## Task prompt
Write out the listing below without alteration, omitting its pictures.

## Data section
....................

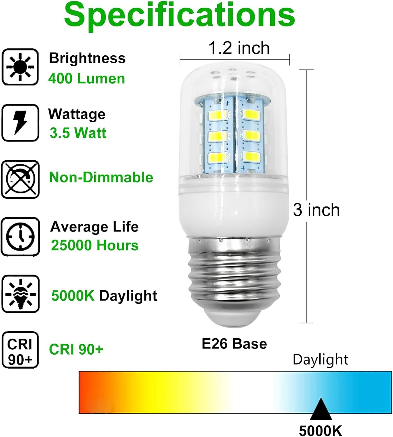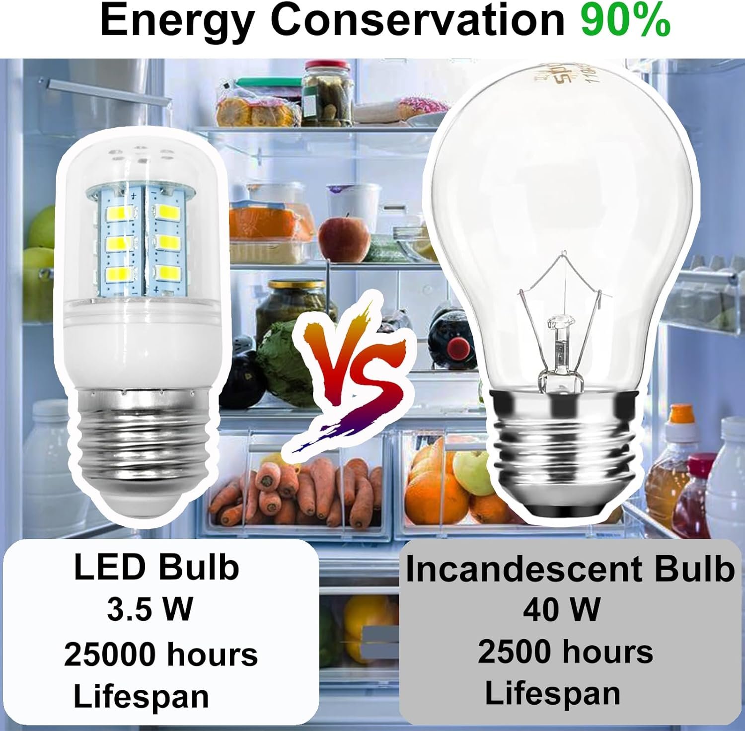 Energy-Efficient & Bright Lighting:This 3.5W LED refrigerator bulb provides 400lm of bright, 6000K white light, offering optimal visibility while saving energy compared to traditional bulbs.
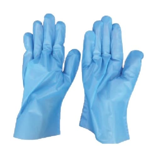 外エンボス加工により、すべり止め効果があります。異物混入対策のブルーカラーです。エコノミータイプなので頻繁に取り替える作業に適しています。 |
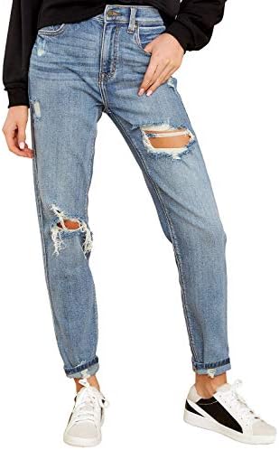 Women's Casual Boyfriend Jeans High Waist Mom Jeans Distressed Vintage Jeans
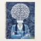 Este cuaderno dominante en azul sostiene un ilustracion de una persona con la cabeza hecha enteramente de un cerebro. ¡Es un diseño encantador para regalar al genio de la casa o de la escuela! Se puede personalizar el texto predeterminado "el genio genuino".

....................

## Response below
 Energy-Efficient & Bright Lighting:This 3.5W LED refrigerator bulb provides 400lm of bright, 6000K white light, offering optimal visibility while saving energy compared to traditional bulbs.
 外エンボス加工により、すべり止め効果があります。異物混入対策のブルーカラーです。エコノミータイプなので頻繁に取り替える作業に適しています。 |
 Women's Casual Boyfriend Jeans High Waist Mom Jeans Distressed Vintage Jeans
 Este cuaderno dominante en azul sostiene un ilustracion de una persona con la cabeza hecha enteramente de un cerebro. ¡Es un diseño encantador para regalar al genio de la casa o de la escuela! Se puede personalizar el texto predeterminado "el genio genuino".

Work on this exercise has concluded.